* Problem details *
An exact copy of the listing below is required, minus its pictures.

* The data *

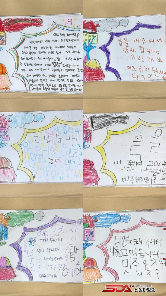 ¶ÇÇÑ, ¿©¼ö¼Ò¹æ¼ °ßÇп¡ °¨»çÇÔÀ» ´À³¤ À¯Ä¡¿ø¿¡¼´Â ¾ÆÀ̵éÀÌ ¹Ì¸® ¼Ò¹æ°ø¹«¿øÀ» »ý°¢Çϸç ÀÛ¼ºÇÑ °¨»çÆíÁö¸¦ °¡Á®¿Ô´Ù. ÀÌ¿¡ ÆíÁö¸¦ ¹ÞÀº ¼Ò¹æ°ø¹«¿øµéÀº¡°°í»ç¸®¼ÕÀ¸·Î »öÄ¥ÇÏ°í ±ÛÀ» ½èÀ» »ý°¢¿¡ ¸¶À½ÀÌ µû¶æÇØÁö¸ç, °¨»çÆíÁö·Î ¼Ò¹æ¿¡ ´ëÇÑ º¸¶÷°ú ÀںνÉ, Ã¥ÀÓ°¨À» ´Ù½Ã Çѹø ´À²¼´Ù.¡±¶ó¸ç¡°¾ÕÀ¸·Îµµ ´õ¿í ½Ã¹ÎµéÀÇ ¾ÈÀüÀ» ÁöŰ´Â µ¥ ÃÖ¼±À» ´ÙÇϰڴÙ.¡±¶ó°í ÀüÇß´Ù.
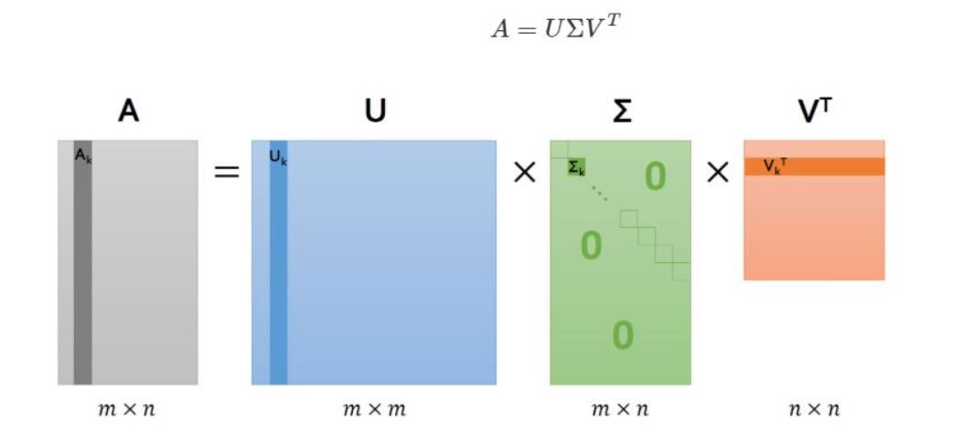 SVD라는 것은 특이값 분해라고도 불리웁니다. M x N 크기의 데이터 행렬 A를 아래와 같이 분해합니다.
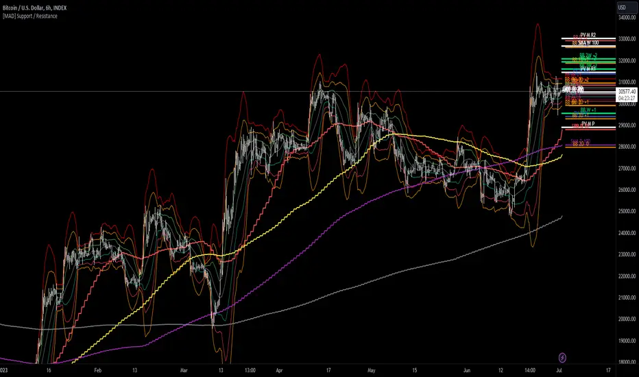 Bollinger Bands: The indicator supports 6 different timeframes for Bollinger Bands. Users can customize the length of the Bollinger Bands for each timeframe and choose whether to display levels and plots.
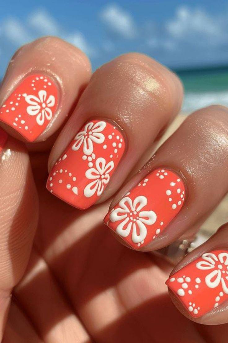 This design pairs vibrant coral polish with cute white raised daisy accents for a fresh, tropical feel. The overall vibe is fun, youthful, and perfect for sunny summer days or vacation looks.

* Response *
 ¶ÇÇÑ, ¿©¼ö¼Ò¹æ¼ °ßÇп¡ °¨»çÇÔÀ» ´À³¤ À¯Ä¡¿ø¿¡¼´Â ¾ÆÀ̵éÀÌ ¹Ì¸® ¼Ò¹æ°ø¹«¿øÀ» »ý°¢Çϸç ÀÛ¼ºÇÑ °¨»çÆíÁö¸¦ °¡Á®¿Ô´Ù. ÀÌ¿¡ ÆíÁö¸¦ ¹ÞÀº ¼Ò¹æ°ø¹«¿øµéÀº¡°°í»ç¸®¼ÕÀ¸·Î »öÄ¥ÇÏ°í ±ÛÀ» ½èÀ» »ý°¢¿¡ ¸¶À½ÀÌ µû¶æÇØÁö¸ç, °¨»çÆíÁö·Î ¼Ò¹æ¿¡ ´ëÇÑ º¸¶÷°ú ÀںνÉ, Ã¥ÀÓ°¨À» ´Ù½Ã Çѹø ´À²¼´Ù.¡±¶ó¸ç¡°¾ÕÀ¸·Îµµ ´õ¿í ½Ã¹ÎµéÀÇ ¾ÈÀüÀ» ÁöŰ´Â µ¥ ÃÖ¼±À» ´ÙÇϰڴÙ.¡±¶ó°í ÀüÇß´Ù.
 SVD라는 것은 특이값 분해라고도 불리웁니다. M x N 크기의 데이터 행렬 A를 아래와 같이 분해합니다.
 Bollinger Bands: The indicator supports 6 different timeframes for Bollinger Bands. Users can customize the length of the Bollinger Bands for each timeframe and choose whether to display levels and plots.
 This design pairs vibrant coral polish with cute white raised daisy accents for a fresh, tropical feel. The overall vibe is fun, youthful, and perfect for sunny summer days or vacation looks.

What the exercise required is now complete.